Process NextGems Cycle3 ICON data with CDO¶
- Table of contents
- Process NextGems Cycle3 ICON data with CDO
NextGEMS Cycle3 ICON data¶
The nextGEMS Cycle3 ICON data can be accessed via an intake catalog. The ICON run ngc3028 ran from 2020-01-21 to 2025-07-22 and has the model resolution R2B9. The output data is available at different spatial and temporal resolutions. The output grid is HEALPix and the different resolutions have the zoom level 0 to 10. The data mapped from the ICON R2B9 grid to HEALPix has the zoom level 10. And the hierarchies below are each a quarter smaller. Introduction to the HEALPix grid can be found at: https://easy.gems.dkrz.de/Processing/healpix.

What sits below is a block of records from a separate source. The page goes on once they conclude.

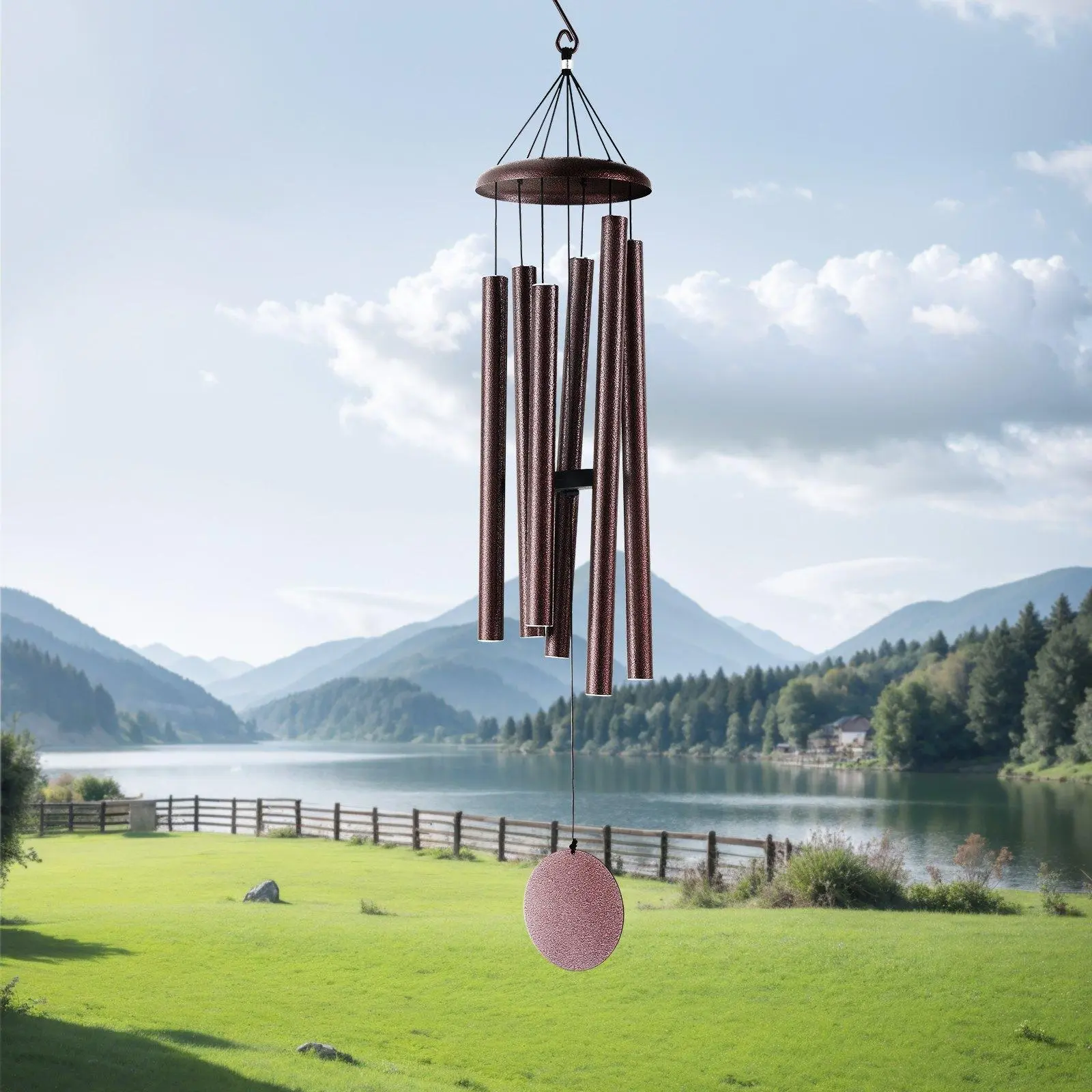 ·45-Inch Wind Chimes for Outside: Our bronze metal wind chimes feature 6 aluminum tubes, with the longest tube measuring 21.6" and a diameter of 1.18". The durable nylon cord and high-density clapper produce a rich, melodious sound. It includes a postcard, a greeting card, and an envelope.
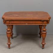 Eiken speeltafel met vier uitklappende fichebakjes op de hoeken te bedienen met knopje, circa 1900 -mechaniek ietwat stroef, fineerschades-, 77 × 111 × 74 cm
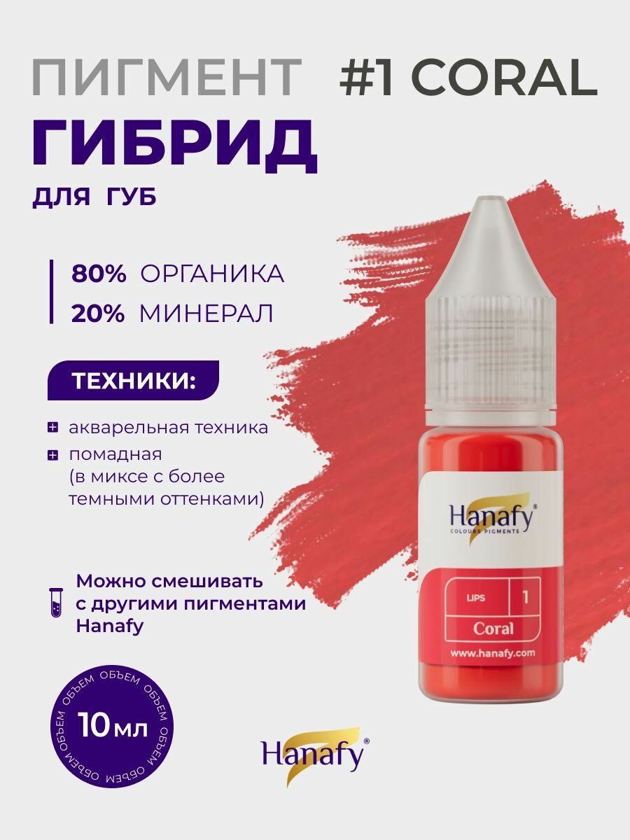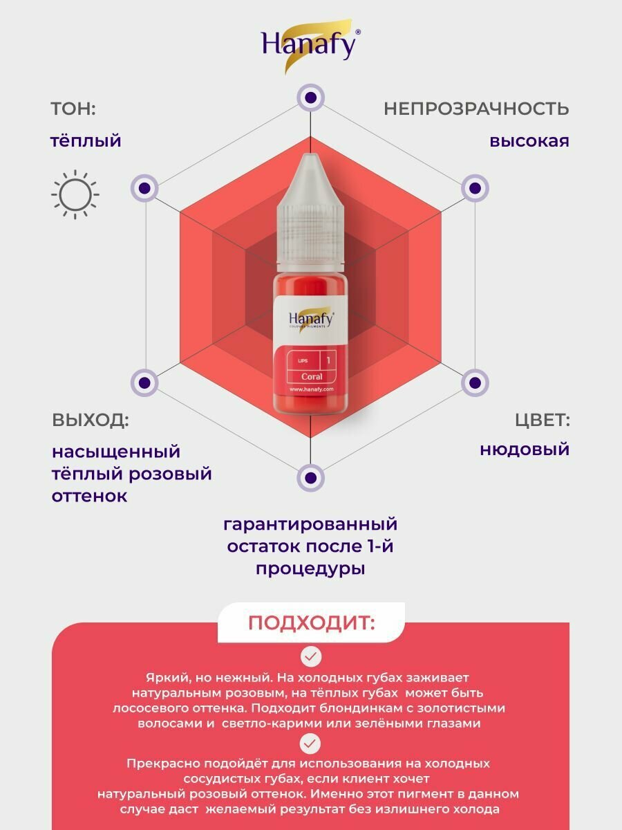 Пигмент №1 Coral для татуажа и перманентного макияжа губ, теплый розовый цвет Ханафи, 10 мл: сравнение цен, характеристики, фото, актуальное наличие и цены.
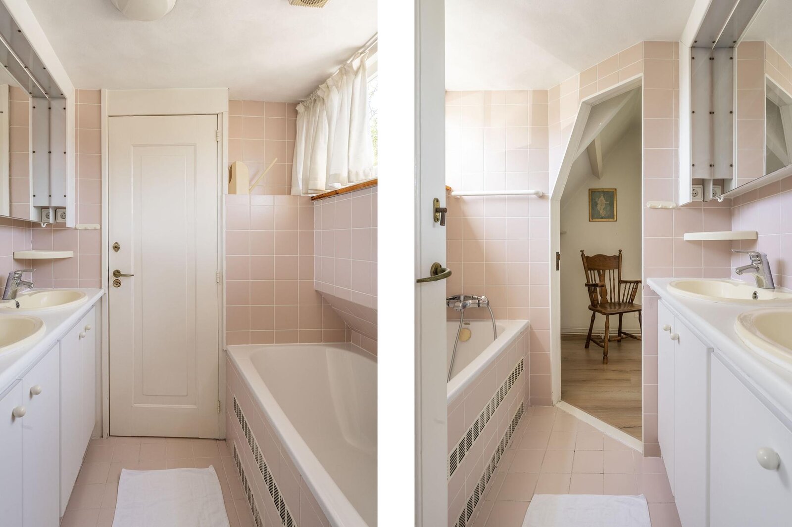 Vanaf de overloop zijn drie slaapkamers. Twee slaapkamers zijn van gelijk formaat en beschikken over handige bergruimte in vaste kasten. Daarnaast is via 1 van deze slaapkamers de badkamer en een toilet bereikbaar. De badkamer beschikt over een wastafelmeubel en een ligbad. De riante (ouder) slaapkamer is de grootste van de drie kamers en heeft een hoog plafond waardoor deze erg ruimtelijk is. Daarnaast zorgen beide dakkapellen voor nog meer volume en via de tuindeuren is het balkon op het zuiden bereikbaar. Ook vanaf de overloop is het toilet en de badkamer op deze verdieping en een grote vliering bereikbaar.

The available temporal resolutions of the output data are: PT30M, PT3H, P1D.
Find the path to the data¶
The path to the desired archive can be found with the tool find_files or query_yaml.py. Use the option -h for help. The tools are available with the following module:
module use /work/k20200/k202134/hsm-tools/outtake/module module load hsm-tools/unstableThe following command gives the path to the daily nextGEMS Cycle3 ICON data on zoom level 7:
query_yaml.py ICON ngc3028 -s time=P1D zoom=7 --cdoThe paths will change, so always use find_files or query_yaml.py!
CDO version¶
For processing NextGems3 HEALPix Zarr data the latest CDO version 2.2.0 is required. This requires also the latest NetCDF version 4.9.2 and plugins to decompress the Zarr data. On levante such a CDO version is not yet installed by DKRZ. A local CDO version on levante is available with:
module use /home/m/m221078/etc/Modules module add netcdf-dev module unload cdo module add cdo-dev
Data information¶
With the operator sinfon you get an overview of the data. Here is an example for daily mean data at HEALPix zoom level 7:
PATH_TO_ngc3028_P1D_ZOOM7=$(query_yaml.py ICON ngc3028 -s time=P1D zoom=7 --cdo) cdo sinfon ${PATH_TO_ngc3028_P1D_ZOOM7}
Select data¶
In CDO, output data is stored in the format of input data if no other format is selected. For Zarr data it is usually useful to change the data format with the -f option, otherwise the selected data will be stored in Zarr format. The following command selects the variable wind_speed_10m and stores the result to NetCDF4.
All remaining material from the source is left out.